Rather than flesh out the new characters, Reitman fixates on fan service. He lingers over the old Ghostbusters traps, PKE meters, and proton packs. He recreates specific lines from the 1984 Ghostbusters exactly. He fills Egon’s farmhouse with Easter eggs. The whole movie is basically the Leonardo DiCaprio pointing at the TV meme from Once Upon a Time in Hollywood for 125 straight minutes. That includes his use of the surviving Ghostbusters cast, including Bill Murray, Dan Aykroyd, and Ernie Hudson. In their limited scenes, they are actually very funny and charming, and they all effortlessly slip back into their old roles. But even with Egon’s importance to the overall plot, they’re a tiny part of Afterlife, just another piece of the first film to dust off and smile at in recognition for a minute or two before it’s on to the next familiar prop or music cue.

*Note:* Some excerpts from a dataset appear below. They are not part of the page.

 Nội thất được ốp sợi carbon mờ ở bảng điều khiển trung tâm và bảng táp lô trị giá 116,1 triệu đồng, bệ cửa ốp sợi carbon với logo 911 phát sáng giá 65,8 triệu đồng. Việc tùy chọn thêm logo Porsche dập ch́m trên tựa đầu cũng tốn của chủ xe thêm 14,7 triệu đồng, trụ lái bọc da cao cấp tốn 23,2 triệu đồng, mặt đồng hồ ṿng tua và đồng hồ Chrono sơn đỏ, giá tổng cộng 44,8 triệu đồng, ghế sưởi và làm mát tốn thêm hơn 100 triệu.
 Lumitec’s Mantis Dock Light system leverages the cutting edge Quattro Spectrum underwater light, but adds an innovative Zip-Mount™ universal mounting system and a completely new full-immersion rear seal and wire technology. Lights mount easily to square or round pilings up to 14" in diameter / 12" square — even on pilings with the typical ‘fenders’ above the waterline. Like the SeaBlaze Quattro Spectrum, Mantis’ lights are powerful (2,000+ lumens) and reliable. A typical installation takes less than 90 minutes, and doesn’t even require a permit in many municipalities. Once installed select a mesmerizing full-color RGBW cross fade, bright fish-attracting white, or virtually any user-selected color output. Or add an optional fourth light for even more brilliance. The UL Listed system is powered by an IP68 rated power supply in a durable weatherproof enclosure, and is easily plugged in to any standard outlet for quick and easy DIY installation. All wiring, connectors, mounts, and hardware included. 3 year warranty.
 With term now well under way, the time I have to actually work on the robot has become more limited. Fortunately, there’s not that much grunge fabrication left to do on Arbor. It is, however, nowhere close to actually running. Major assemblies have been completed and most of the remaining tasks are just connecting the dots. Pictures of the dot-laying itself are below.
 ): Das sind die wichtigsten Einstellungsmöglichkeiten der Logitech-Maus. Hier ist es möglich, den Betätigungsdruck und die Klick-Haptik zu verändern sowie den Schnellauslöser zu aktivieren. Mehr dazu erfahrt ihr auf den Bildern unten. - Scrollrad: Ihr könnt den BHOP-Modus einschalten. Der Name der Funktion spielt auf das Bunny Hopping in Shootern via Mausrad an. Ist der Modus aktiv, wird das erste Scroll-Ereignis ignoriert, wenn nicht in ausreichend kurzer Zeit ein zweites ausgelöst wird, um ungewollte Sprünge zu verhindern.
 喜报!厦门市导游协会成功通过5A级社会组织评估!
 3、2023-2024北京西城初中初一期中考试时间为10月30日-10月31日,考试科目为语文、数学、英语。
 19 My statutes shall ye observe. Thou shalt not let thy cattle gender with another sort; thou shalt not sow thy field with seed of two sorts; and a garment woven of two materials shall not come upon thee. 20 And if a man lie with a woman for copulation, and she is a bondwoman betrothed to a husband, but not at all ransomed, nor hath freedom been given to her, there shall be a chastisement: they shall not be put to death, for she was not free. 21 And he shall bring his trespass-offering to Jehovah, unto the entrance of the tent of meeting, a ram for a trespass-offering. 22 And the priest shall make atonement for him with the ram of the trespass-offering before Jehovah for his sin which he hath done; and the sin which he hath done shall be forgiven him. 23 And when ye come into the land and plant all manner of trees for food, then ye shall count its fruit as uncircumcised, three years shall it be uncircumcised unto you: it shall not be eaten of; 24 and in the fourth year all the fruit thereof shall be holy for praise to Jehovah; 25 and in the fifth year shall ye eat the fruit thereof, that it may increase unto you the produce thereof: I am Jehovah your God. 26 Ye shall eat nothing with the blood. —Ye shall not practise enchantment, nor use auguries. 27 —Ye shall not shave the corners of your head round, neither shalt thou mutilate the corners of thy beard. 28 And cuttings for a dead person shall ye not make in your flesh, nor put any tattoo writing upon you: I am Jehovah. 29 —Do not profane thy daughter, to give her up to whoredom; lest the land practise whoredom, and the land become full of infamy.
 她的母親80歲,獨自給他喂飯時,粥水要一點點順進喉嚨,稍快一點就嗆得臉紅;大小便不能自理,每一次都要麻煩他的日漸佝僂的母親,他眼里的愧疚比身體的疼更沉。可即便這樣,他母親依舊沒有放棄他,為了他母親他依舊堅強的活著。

I am sure Jason Reitman loves the original Ghostbusters. He clearly knows it well. But for all his deference to it, he seems to have completely missed what made that Ghostbusters work. It wasn’t just that the guys wore cool jumpsuits or had fun gadgets, or that it made science seem cool to a generation of budding nerds. Strip away the sci-fi trappings and Ghostbusters really is just an archetypical slobs versus snobs comedy. The ghosts aren’t even really the villains. The true bad guys are the stuffy, humorless authority figures who stifle Venkman, Stanz, and Spengler at every turn: the EPA’s Walter Peck, most obviously, but also the Dean at Columbia University who fires them, and the manager of the Sedgwick Hotel who thinks they’re quacks. Even Gozer, with her supernatural heels and supermodel haircut, belongs to that group.

That energy is totally missing from Ghostbusters: Afterlife. Phoebe is nominally an outcast because of her enormous intellect and passion for science, but none of the kids at school tease or antagonize her. Trevor falls for Lucky at the drive-in, but she’s enamored with him almost immediately and their relationship proceeds without a hiccup. There’s a local sheriff, played by Bokeem Woodbine, but his role is so brief he doesn’t pose a threat to the new Ghostbusters. There are no human villains, in other words, and Reitman finds nothing to replace them except hollow nostalgia.

Even if you don’t love the 1984 Ghostbusters as much as Jason Reitman (or, frankly, me), you have to at least acknowledge that the film had wit and style and some authentic New York attitude. One of the reasons it appealed so strongly to kids in the ’80s was because it wasn’t necessarily a movie designed for them. Aykroyd initially conceived the project as another Blues Brothers-style vehicle for him and John Belushi, and the final production maintained plenty of grit and grime, with a ton of scares and a fair amount of off-color humor. Afterlife is packed with Ghostbusters paraphernalia, but that spirit is nowhere in sight.

Additional Thoughts:

-Introducing the world premiere screening of Ghostbusters: Afterlife, Jason Reitman said he “had the luckiest childhood a kid could have,” because he got to grow up around his dad’s movies and hang out on the set of the original Ghostbusters. Yet Afterlife features two different deadbeat dads whose absence in their children’s lives causes catastrophic emotional damage. That’s a weird way to pay tribute your beloved father.